Ever since the 80’s HIV/AIDS has been one of the scariest viruses to plague humans. Over the past few decades science has made leaps and bounds in helping prevent the spread and transmission of the virus. Genetics is joining with the fight against HIV/AIDS. The Lewis Katz School of Medicine at Temple University and University of Nebraska Medical Center are helping add to the triumphs over HIV/AIDs.
Current HIV treatments focus on suppressing HIV replication through antiretroviral therapy. While being a key factor in preventing the spread of HIV, it does not remove HIV from infected tissues.
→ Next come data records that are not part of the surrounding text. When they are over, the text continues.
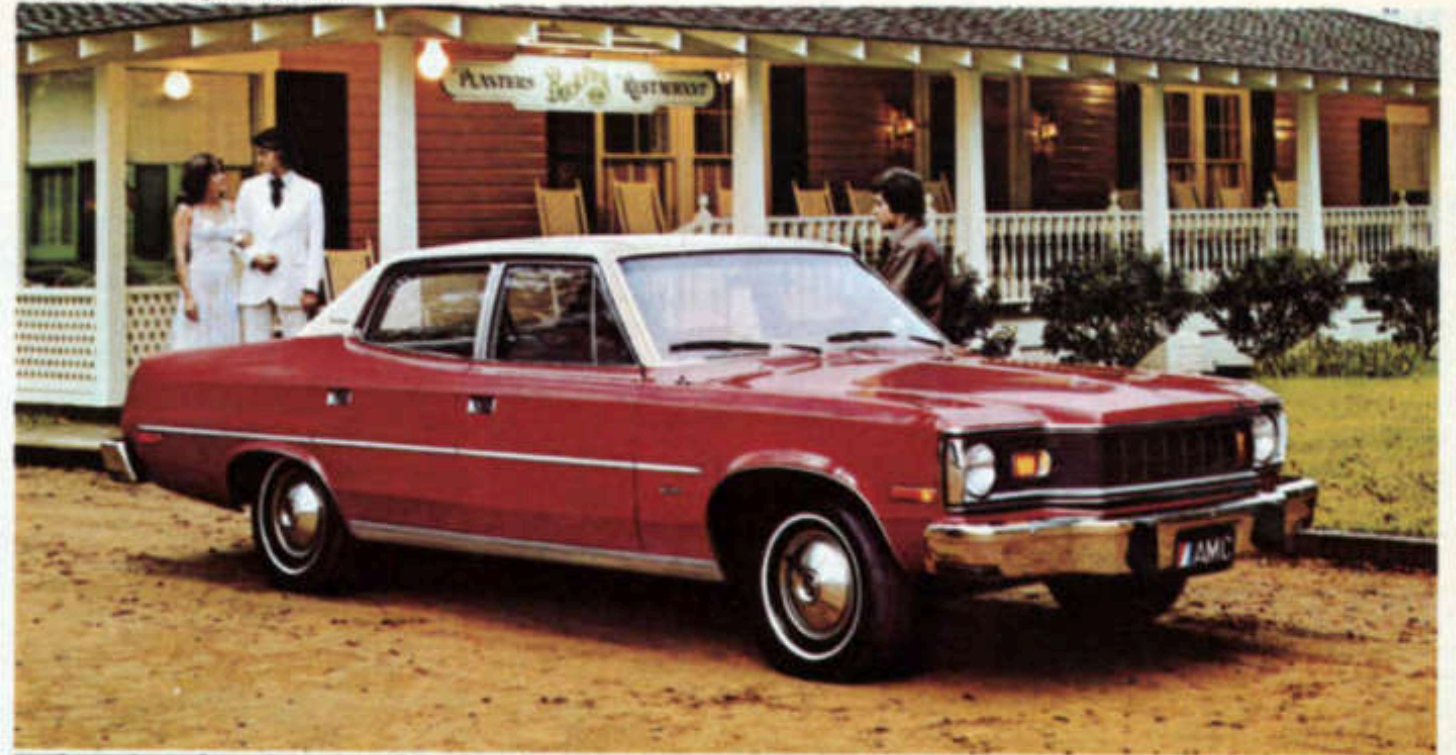
Matador Brougham Sedan
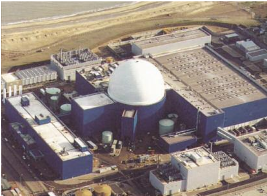
Figure 1: Sizewell B PWR

The CEGB issued an Enquiry Specification for Sizewell B in April 1980 and the request for section 2 consent and deemed planning permission to build the first of four identical stations was submitted in January 1981. They also applied to the Nuclear Installations Inspectorate (NII) for a revision to the Site licence. In March 1987, almost exactly two years after the longest ever Public Inquiry had finished taking evidence, the Secretary of State granted planning consent for a 1200MW PWR power station to be built at Sizewell alongside the still operational Magnox station, Sizewell A. Following the accident at Three Mile Island Unit 2, on the 28th March 1979, and the change of Government, the decision to build a PWR was revisited. In December 1979 the decision was taken to proceed subject to the normal assessment and licensing processes.
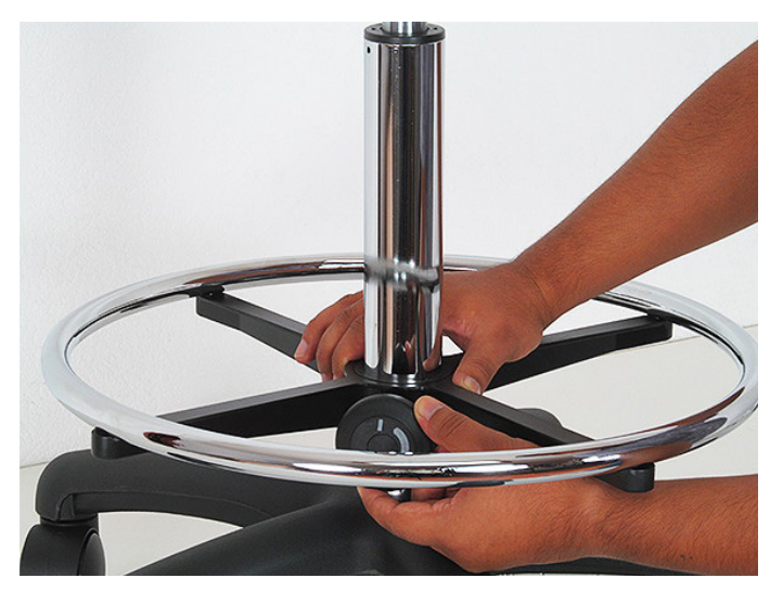
2. After inserting the gas cylinder into the base, slide the footring up the gas cylinder and secure the footring.
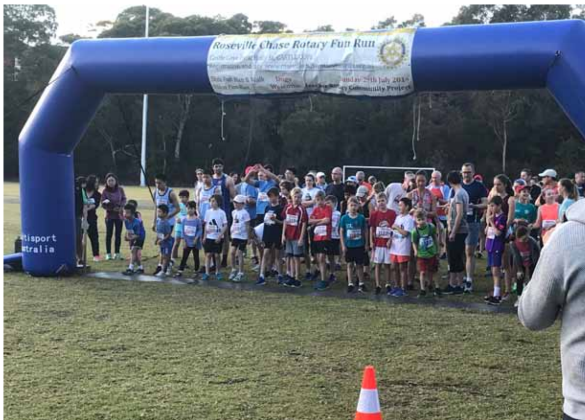
5km runners ready to start
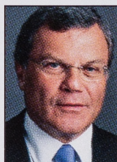
Sir Martin Sorrell – CEO of WPP

"Scotland would successfully flourish if the country cut its ties with sterling and embraced the European single currency."
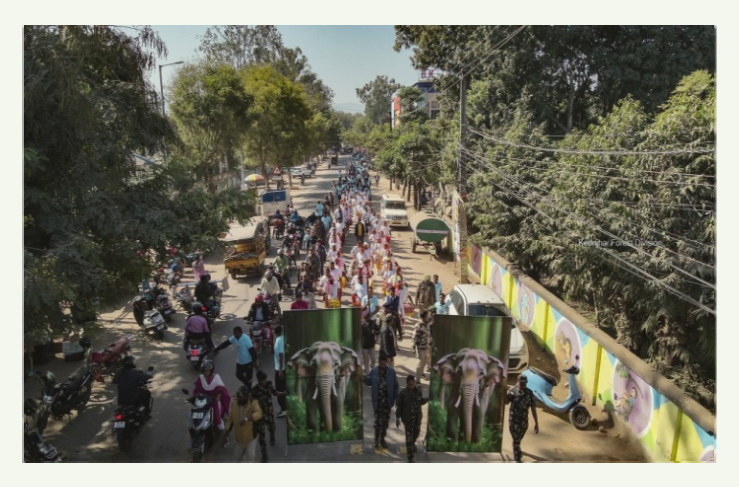
Public Awareness Rally at Keonjhar Division

Various innovative approaches and initiatives have been taken up for creating awareness among the general public, school and college students for forest protection and regeneration of forests and ecology. Some of them are highlighted below in pictorial form.
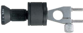
Focusable prism telescope
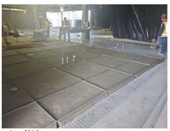
Area NA1 terrazzo at servery
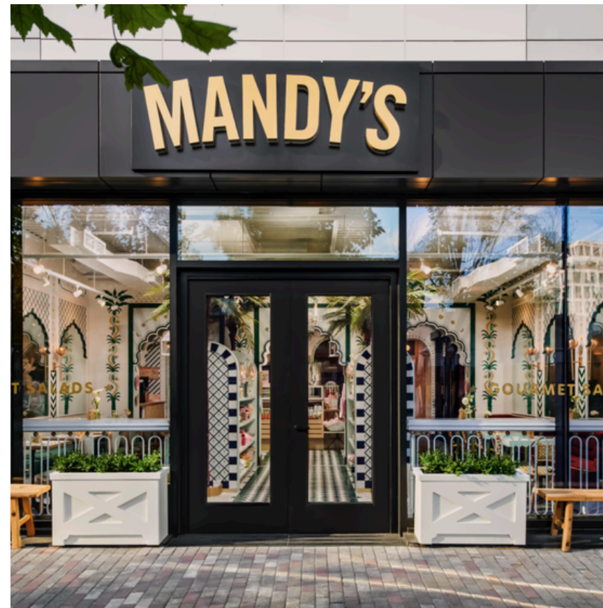
Mandy's 110 Bloor St W
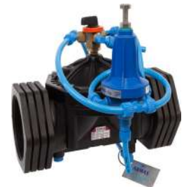
Plastic pressure relife valve plastic pilot 1.5" up to 4"
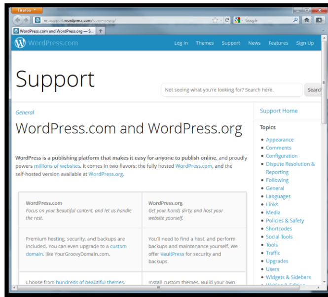
Figure 1 Screenshot of the Support: WordPress.com and WordPress.org webpage.

Support: WordPress.com and WordPress.org
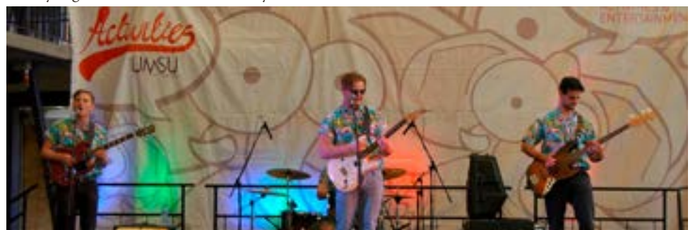
Pockets performing as the Tuesday band.

HIV integrates itself into the human immune systems genome. A team of geneticists under the supervision of Dr. Khalili have developed a form of gene therapy to target this very integration.
Using CRISPR-Cas9 technology Dr. Khalili’s team has been able to remove HIV DNA from the immune systems of rats and mice. This technique has been implemented using a type of therapy called long-acting slow-effective release, or LASER for short. This specific therapy along with antiretroviral therapy, combine to target the difficult-to-reach HIV DNA residing in the immune system. LASER antiretroviral therapy reduced HIV replication so much that CRISPR-Cas9 could completely eliminate viral DNA in one third on infected mice. “We now have a clear path to move ahead to trials in non-human primates and possibly clinical trials in human patients within the year,” says Dr. Khalili.